> [STORED DATA]:
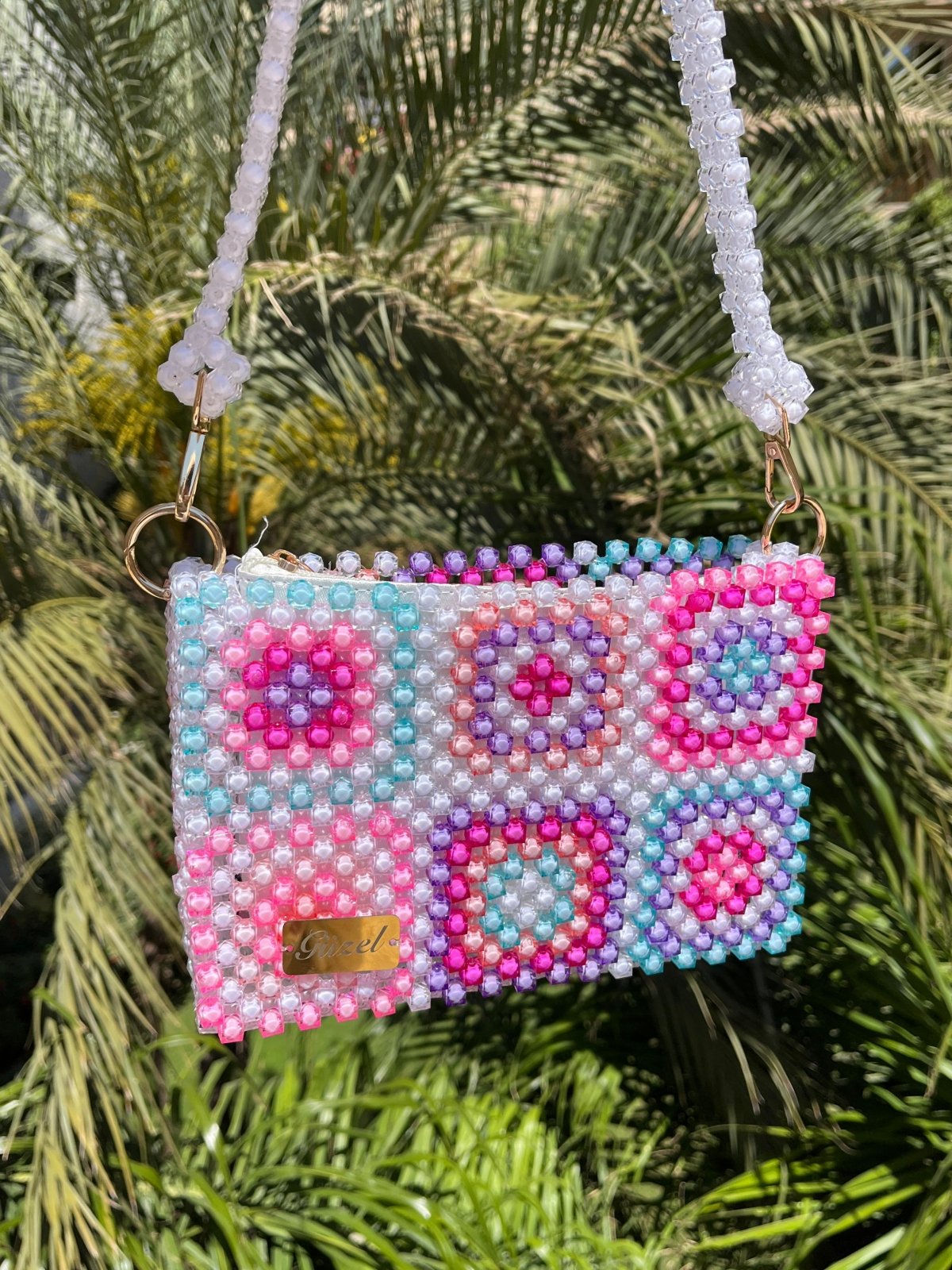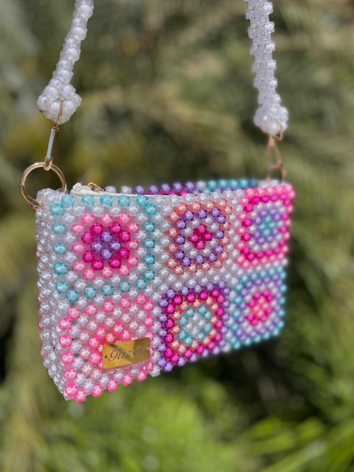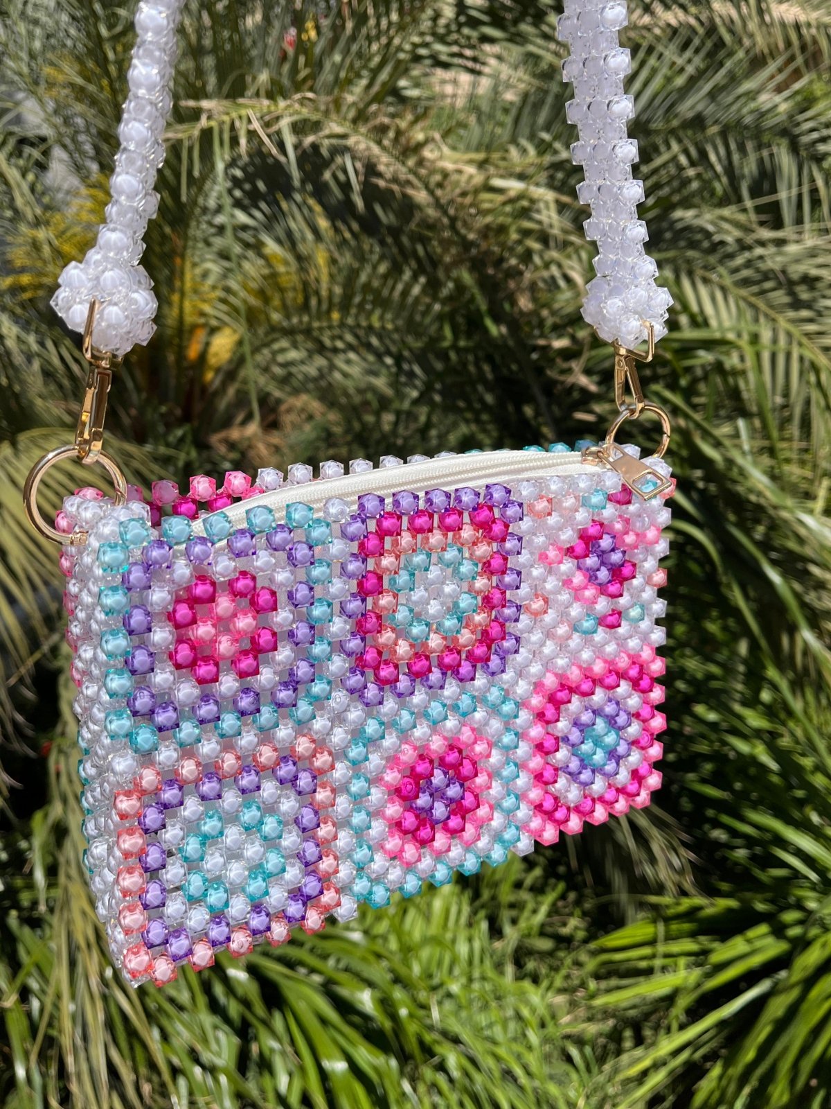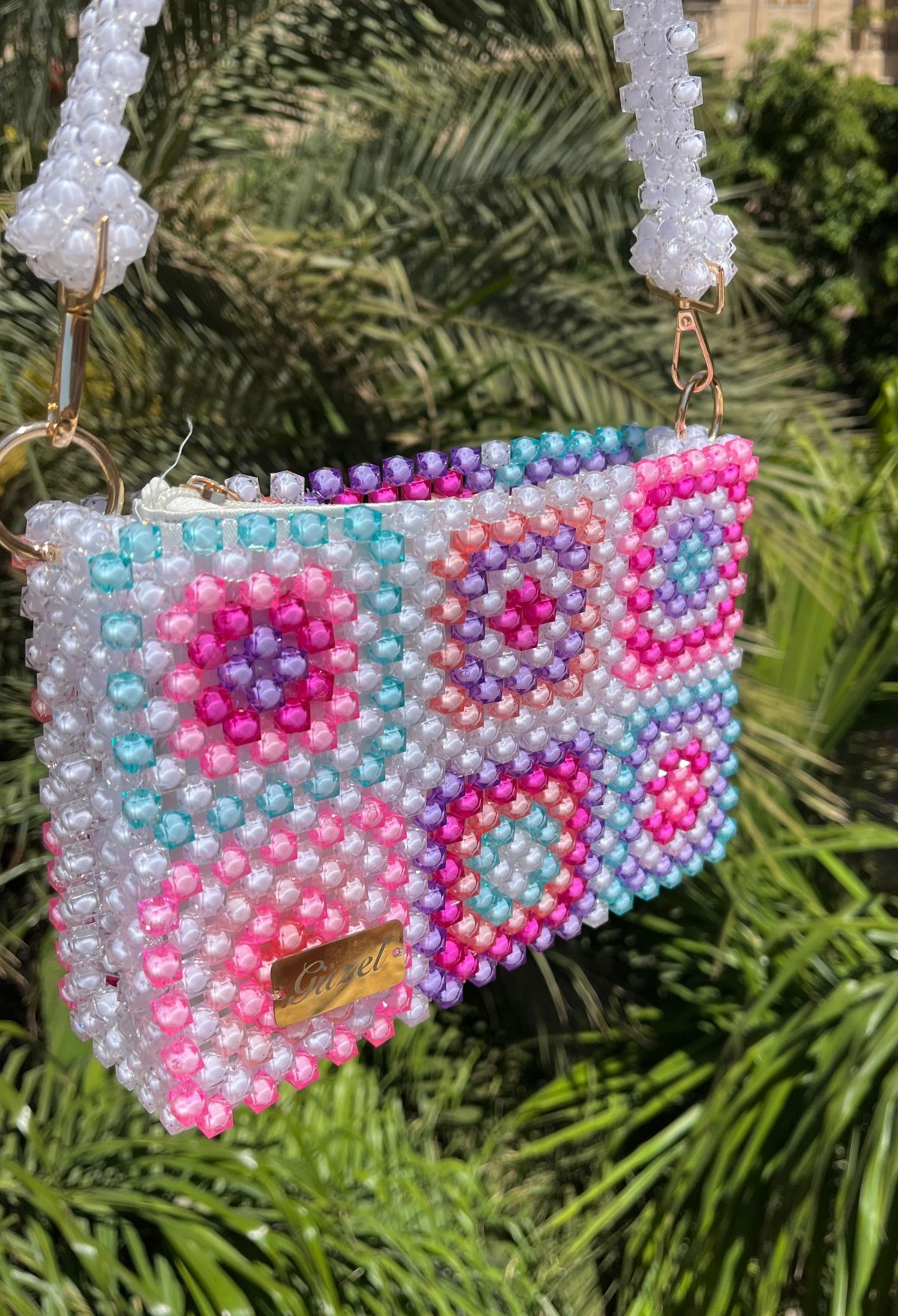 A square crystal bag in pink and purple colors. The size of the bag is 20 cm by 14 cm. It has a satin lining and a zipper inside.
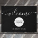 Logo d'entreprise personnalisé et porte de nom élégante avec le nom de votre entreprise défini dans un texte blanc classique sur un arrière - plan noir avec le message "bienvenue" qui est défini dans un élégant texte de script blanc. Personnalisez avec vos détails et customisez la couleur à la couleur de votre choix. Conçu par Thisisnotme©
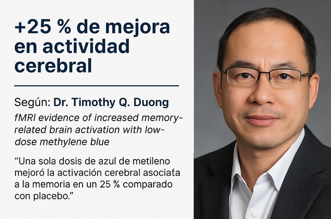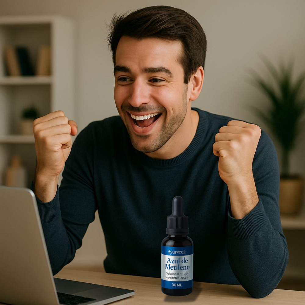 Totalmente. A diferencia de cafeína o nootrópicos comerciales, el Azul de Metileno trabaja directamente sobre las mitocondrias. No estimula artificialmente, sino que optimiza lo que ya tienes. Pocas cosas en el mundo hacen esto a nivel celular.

---

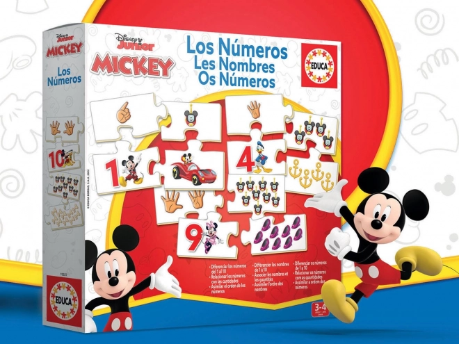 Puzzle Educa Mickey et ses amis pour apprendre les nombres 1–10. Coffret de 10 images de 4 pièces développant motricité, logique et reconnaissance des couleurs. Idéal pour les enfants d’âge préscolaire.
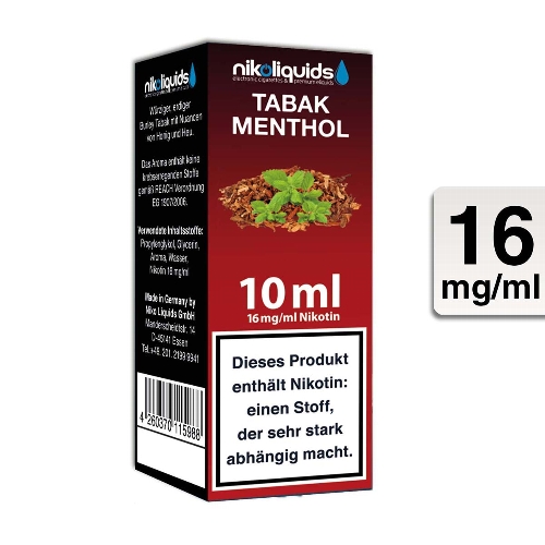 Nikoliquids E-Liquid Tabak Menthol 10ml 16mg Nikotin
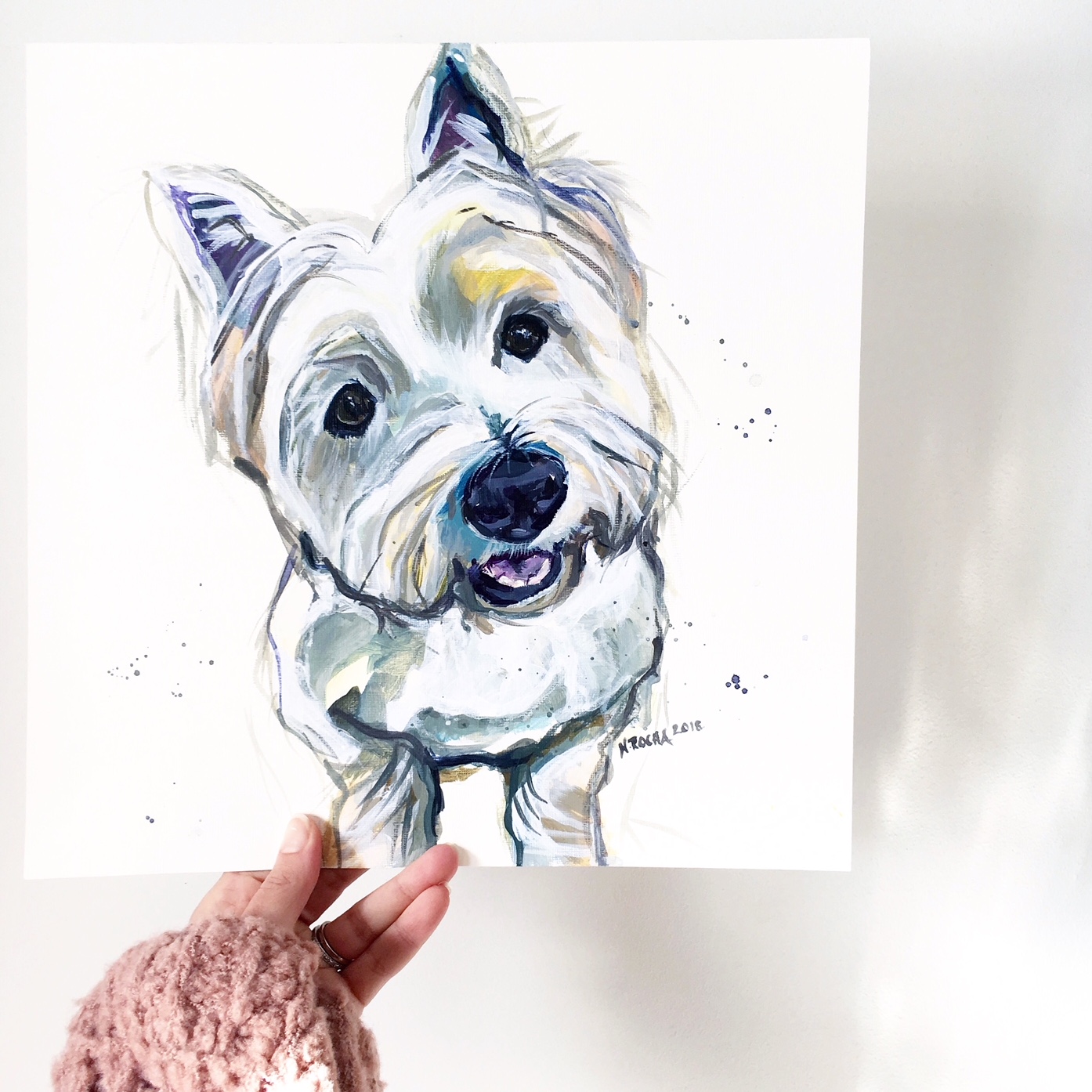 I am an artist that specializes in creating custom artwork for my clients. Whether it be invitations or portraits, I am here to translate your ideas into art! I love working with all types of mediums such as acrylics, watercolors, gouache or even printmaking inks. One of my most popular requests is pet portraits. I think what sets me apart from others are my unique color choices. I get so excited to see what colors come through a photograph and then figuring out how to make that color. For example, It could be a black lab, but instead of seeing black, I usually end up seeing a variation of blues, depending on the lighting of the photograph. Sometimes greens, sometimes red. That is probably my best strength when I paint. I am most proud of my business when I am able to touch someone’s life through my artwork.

---

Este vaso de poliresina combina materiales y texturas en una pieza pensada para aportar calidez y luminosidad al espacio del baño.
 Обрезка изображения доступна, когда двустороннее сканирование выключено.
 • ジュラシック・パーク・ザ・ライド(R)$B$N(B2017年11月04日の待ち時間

> [AIM OF THE EXERCISE]: The reply should hold the entries above from the line with "A square crystal" to the line with "Totalmente. A diferencia", duplicated exactly, pictures excluded.

> [RESULT]:
 A square crystal bag in pink and purple colors. The size of the bag is 20 cm by 14 cm. It has a satin lining and a zipper inside.
 Logo d'entreprise personnalisé et porte de nom élégante avec le nom de votre entreprise défini dans un texte blanc classique sur un arrière - plan noir avec le message "bienvenue" qui est défini dans un élégant texte de script blanc. Personnalisez avec vos détails et customisez la couleur à la couleur de votre choix. Conçu par Thisisnotme©
 Totalmente. A diferencia de cafeína o nootrópicos comerciales, el Azul de Metileno trabaja directamente sobre las mitocondrias. No estimula artificialmente, sino que optimiza lo que ya tienes. Pocas cosas en el mundo hacen esto a nivel celular.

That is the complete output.